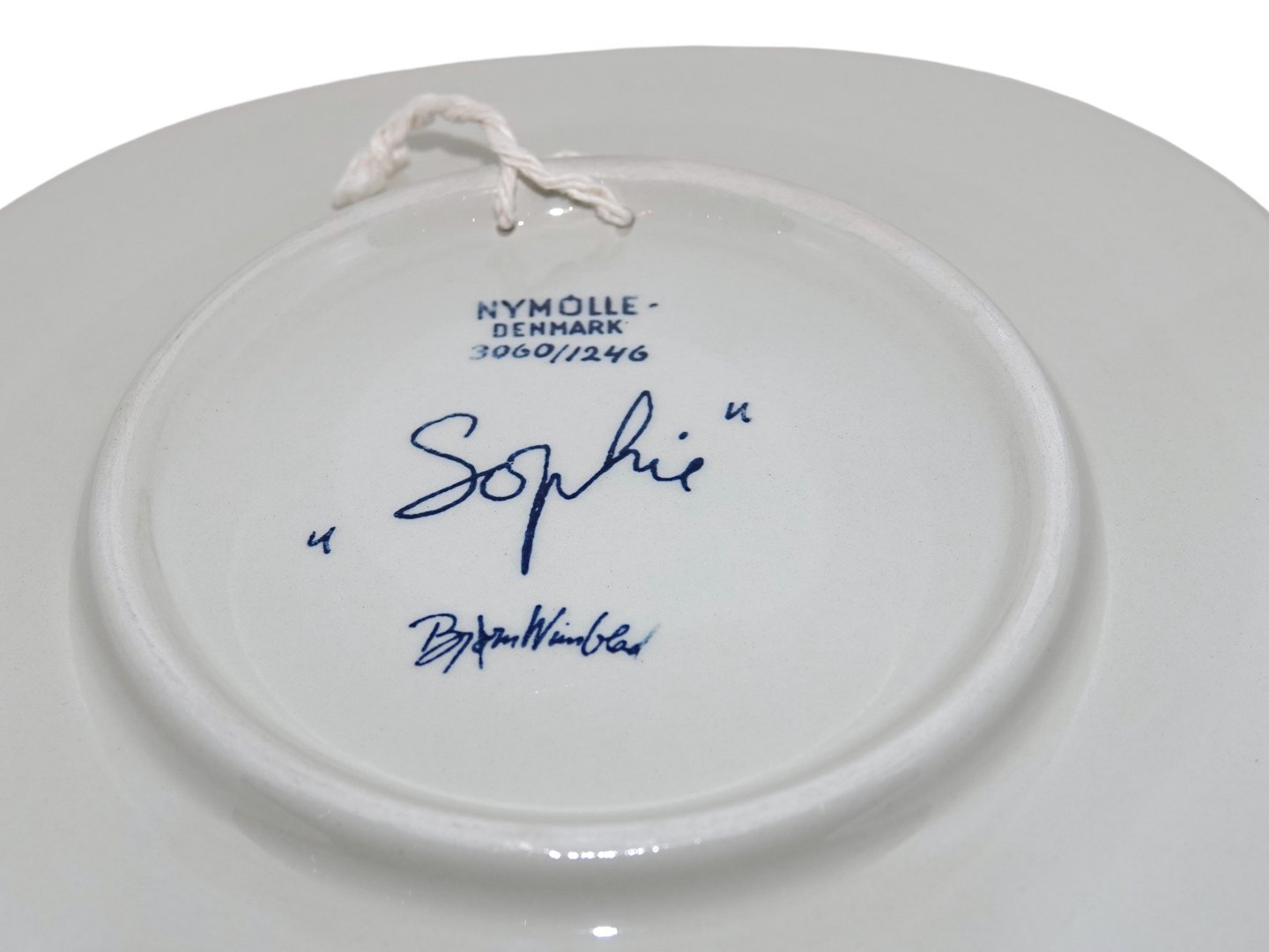 Bjorn Wiinblad, Blue Sophie plate. Made at Nymolle Pottery. Decoration number 3060-1246. Measures 18.9 by 18.9 cm. Perfect condition.
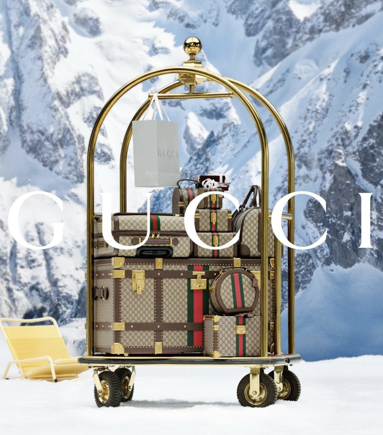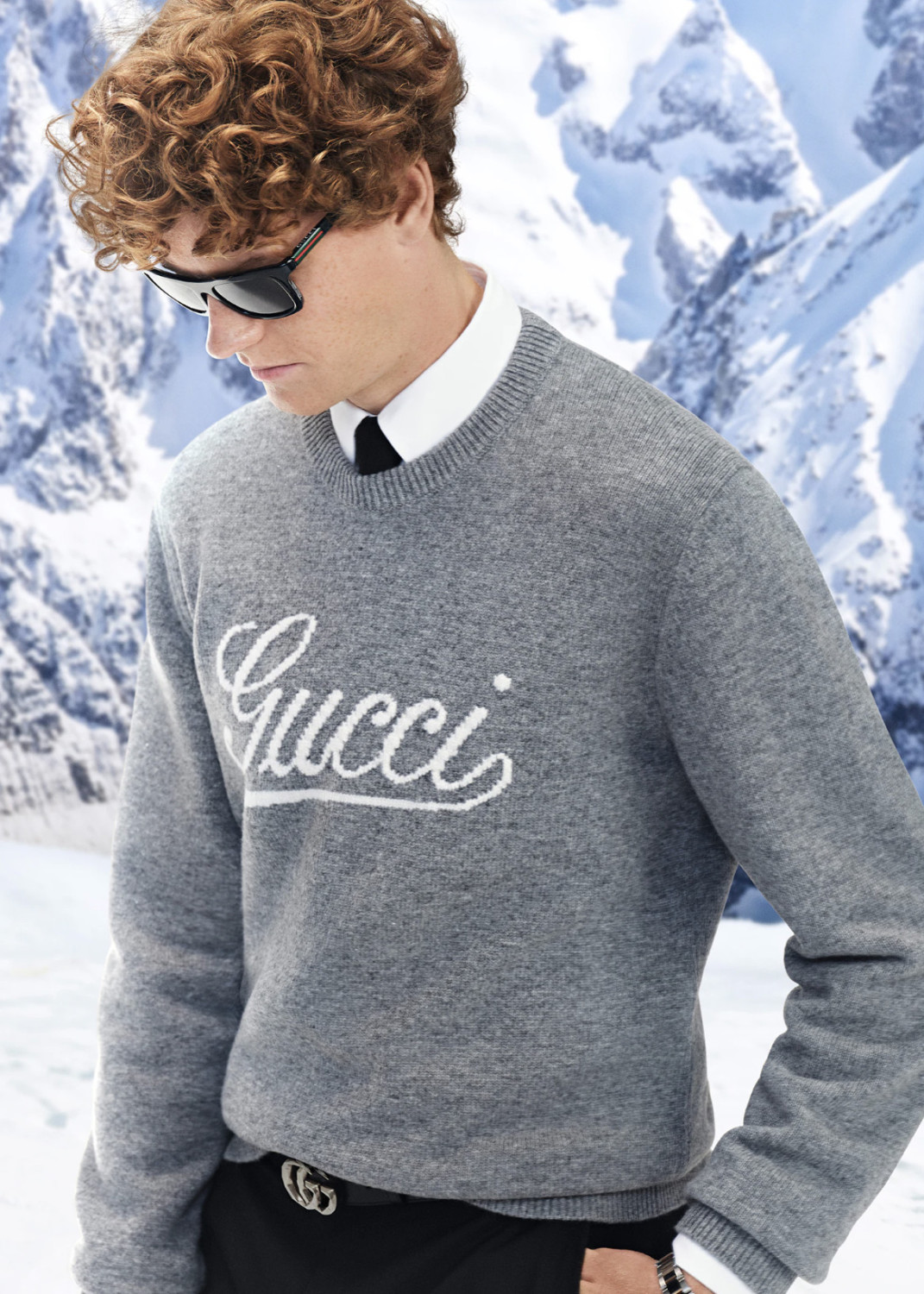 На фоне покрытых снегом гор дуэт наслаждается атмосферой умиротворения и предвкушения, представляя сезонные новинки — от верхней одежды до кроссовок Gucci Re-Web с кристаллами и золотых украшений. Кендалл позирует в костюме GG Monogram, украшенном кристаллами, дополняя образ новой сумкой GG Marmont, а Янник — в трикотажном свитере и с серебристой дорожной сумкой GG Monogram.
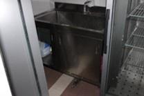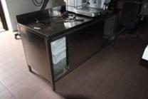 Lavello armadiato con 2 porte scorrevoli in acciaio inox con alzatina, completo di rubinetto, dimensioni 200 x 80 x h. 85;
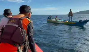 Proses pencarian sempat terkendala oleh cuaca buruk dan gelombang tinggi.
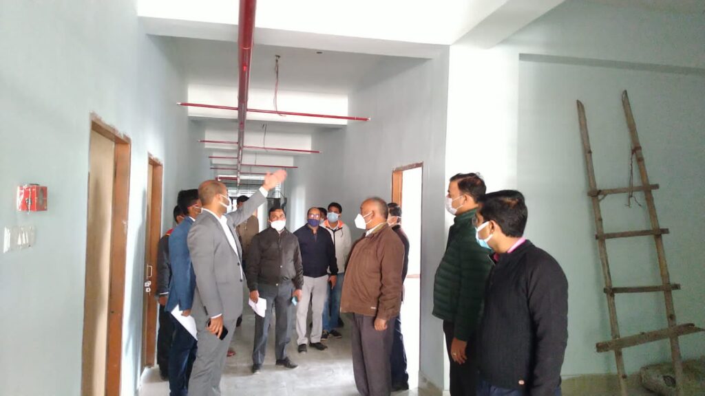 उन्होंने विभिन्न विभागों के लिए निर्मित कमरे, एप्रोच रोड, सभाकक्ष, पार्किंग, निकास एवं प्रवेश मार्ग के निर्माण, फायर फाइटिंग सिस्टम सहित सभी प्रकार के सिविल कार्य के प्रगति की समीक्षा कर आवश्यक दिशा निर्देश दिए।
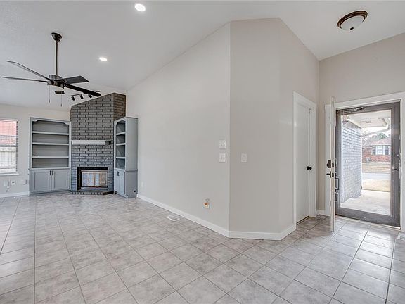 This beautifully updated home in NW OKC combines modern elegance with everyday functionality. Step into the open-concept living area featuring a cozy fireplace and brand-new tile flooring, seamlessly connecting the dining and kitchen spaces.
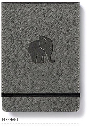 Dingbats Wildlife Pocket A6+ (6.1 x 4.1) Reporter Notebook - PU Leather, Micro-Perforated 100gsm Cream Pages, Inner Pocket, Elastic Closure (Lined, Gray Elephant)
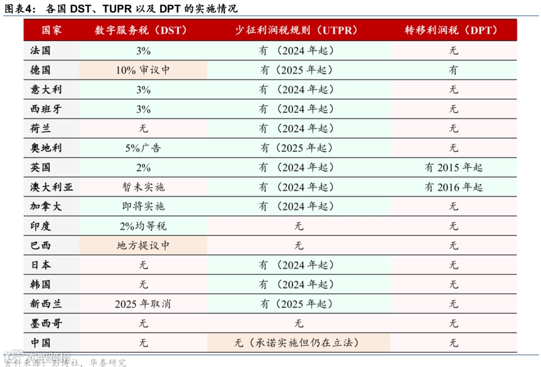 目前欧洲国家被加征反歧视税收的风险较大,其次是日本、韩国等。从数字服务税(DST)来看,法国、意大利、西班牙、英国都已经实施2-3%的数字服务税。德国虽然没有正式落地数字服务税,但德国政府已制定将大型在线平台(如 Google、Meta/Facebook)纳入税收范围的立法草案,拟对其在德国产生的数字广告等收入征收 10% 税率,若上述法案通过,德国将于2026年初实施。从少征利润税(UTPR)来看,大多数欧盟国家已经从2024年开始实施UTPR。从转移利润税(DPT)来看,目前仅英国和澳大利亚分别于2015年和2016年实施。因此,主要欧洲国家可能因为实施DST以及UTPR而被例如歧视性国家清单被加征反歧视性税收。据彭博社报道,有迹象表明欧洲国家愿意修改其政策,以安抚特朗普政府。日本、韩国等国家也面临一定风险。日本、韩国、新西兰均于2024年实施了UTPR,因而面临被加征反歧视税收的风险。新西兰曾于2023年8月推出数字服务税法案,对全球数字服务巨头征收3%的数字服务税,但2025年5月21日宣布撤回,主要原因是担心美国可能采取报复性关税。
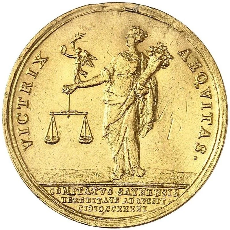 Figure of Justice with scales and cornucopia, flanked by legends, three-line inscription above dated exergue.
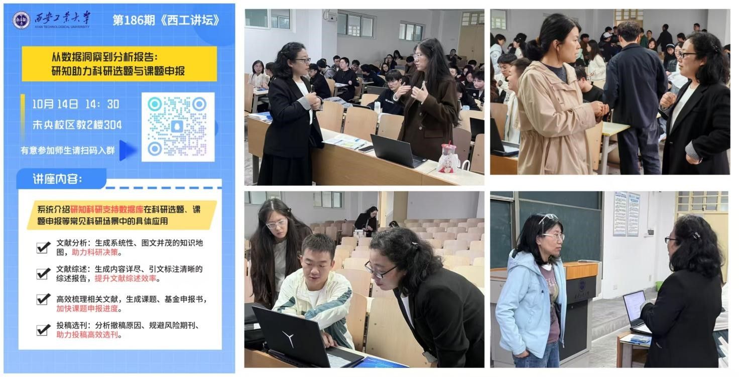 10月14日,“从数据洞察到分析报告:研知助力科研选题与课题申报”专题讲座在未央校区教2楼304室举办。本次活动吸引了近百名师生到场参与。
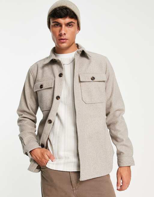 River Island – Szarobeżowa koszula flanelowa z długimi rękawami
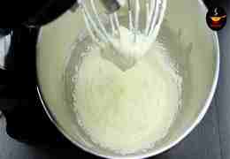 добавляю чайную ложку лимонного сока. И взбиваю всё достаточно долго, где-то минут 10. Масса должна стать пышной и глянцевой.
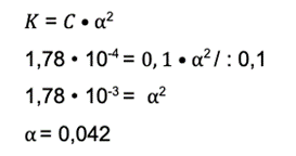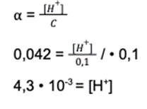 Krok 3: Mamy dostępną wartość stopnia dysocjacji i stężenie. Wracamy do początku punktu drugiego i rozwiązujemy równanie:
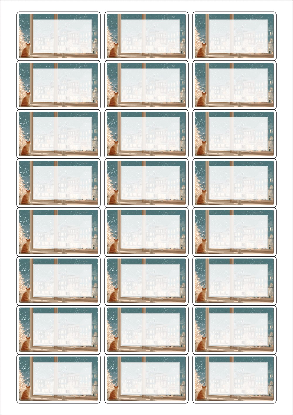디자인된 A4 라벨지 출력용 라벨스티커, 규격코드: 835, 디자인코드: DA1493(따뜻한 방안이 좋다냥~), 60 x 35 (mm)
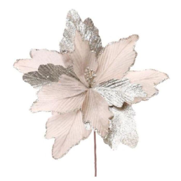 Flor de Natal Decorativa Poinsétia Glitter Chá - Unidade
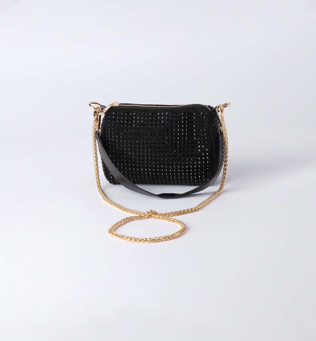 Trendy kabelka s černými flitry. Dívčí kabelka v černé barvě zdobená drobnými flitry pro třpytivý efekt. Zlatý řetízek dodává elegantní vzhled a umožňuje pohodlné nošení. Ideální doplněk na oslavy, rodinné akce i večerní příležitosti. Zapínání na zip udrží všechny drobnosti v bezpečí.
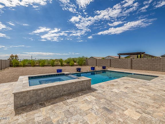 Enjoy Gold Canyon living with this upgraded 4 bed, 2.5 bath, 2,414 sq. ft. Oversized lot in Peralta Canyon. This move-in-ready property offers a private backyard retreat with a newer pool, spa, upscale hardscape, & lush landscaping—plus added privacy with no neighbors behind. Inside, the open floor plan features soaring ceilings, abundant natural light, & a sleek kitchen with quartz countertops, stainless steel appliances, & tile floors in the main living areas. Bedrooms include plush carpet for comfort, while the 3-car tandem garage provides valuable storage.
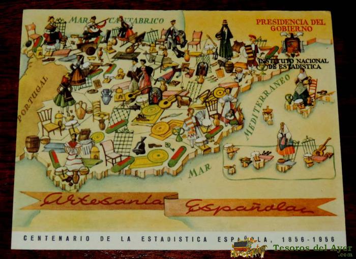 POSTAL DEL INSTITUTO NACIONAL DE ESTADÍSTICA, PRESIDENCIA DEL GOBIERNO, ARTESANIA ESPAÑOLA, AÑO 1956, E. I.G. VALVERDE, NO CIRCULADA.

= = = =

Return the stretch of data that begins with the line showing "Dingbats Wildlife Pocket" and goes on through the line showing "디자인된 A4 라벨지", exactly, with pictures removed.

 Dingbats Wildlife Pocket A6+ (6.1 x 4.1) Reporter Notebook - PU Leather, Micro-Perforated 100gsm Cream Pages, Inner Pocket, Elastic Closure (Lined, Gray Elephant)
 目前欧洲国家被加征反歧视税收的风险较大,其次是日本、韩国等。从数字服务税(DST)来看,法国、意大利、西班牙、英国都已经实施2-3%的数字服务税。德国虽然没有正式落地数字服务税,但德国政府已制定将大型在线平台(如 Google、Meta/Facebook)纳入税收范围的立法草案,拟对其在德国产生的数字广告等收入征收 10% 税率,若上述法案通过,德国将于2026年初实施。从少征利润税(UTPR)来看,大多数欧盟国家已经从2024年开始实施UTPR。从转移利润税(DPT)来看,目前仅英国和澳大利亚分别于2015年和2016年实施。因此,主要欧洲国家可能因为实施DST以及UTPR而被例如歧视性国家清单被加征反歧视性税收。据彭博社报道,有迹象表明欧洲国家愿意修改其政策,以安抚特朗普政府。日本、韩国等国家也面临一定风险。日本、韩国、新西兰均于2024年实施了UTPR,因而面临被加征反歧视税收的风险。新西兰曾于2023年8月推出数字服务税法案,对全球数字服务巨头征收3%的数字服务税,但2025年5月21日宣布撤回,主要原因是担心美国可能采取报复性关税。
 Figure of Justice with scales and cornucopia, flanked by legends, three-line inscription above dated exergue.
 10月14日,“从数据洞察到分析报告:研知助力科研选题与课题申报”专题讲座在未央校区教2楼304室举办。本次活动吸引了近百名师生到场参与。
 River Island – Szarobeżowa koszula flanelowa z długimi rękawami
 добавляю чайную ложку лимонного сока. И взбиваю всё достаточно долго, где-то минут 10. Масса должна стать пышной и глянцевой.
 Krok 3: Mamy dostępną wartość stopnia dysocjacji i stężenie. Wracamy do początku punktu drugiego i rozwiązujemy równanie:
디자인된 A4 라벨지 출력용 라벨스티커, 규격코드: 835, 디자인코드: DA1493(따뜻한 방안이 좋다냥~), 60 x 35 (mm)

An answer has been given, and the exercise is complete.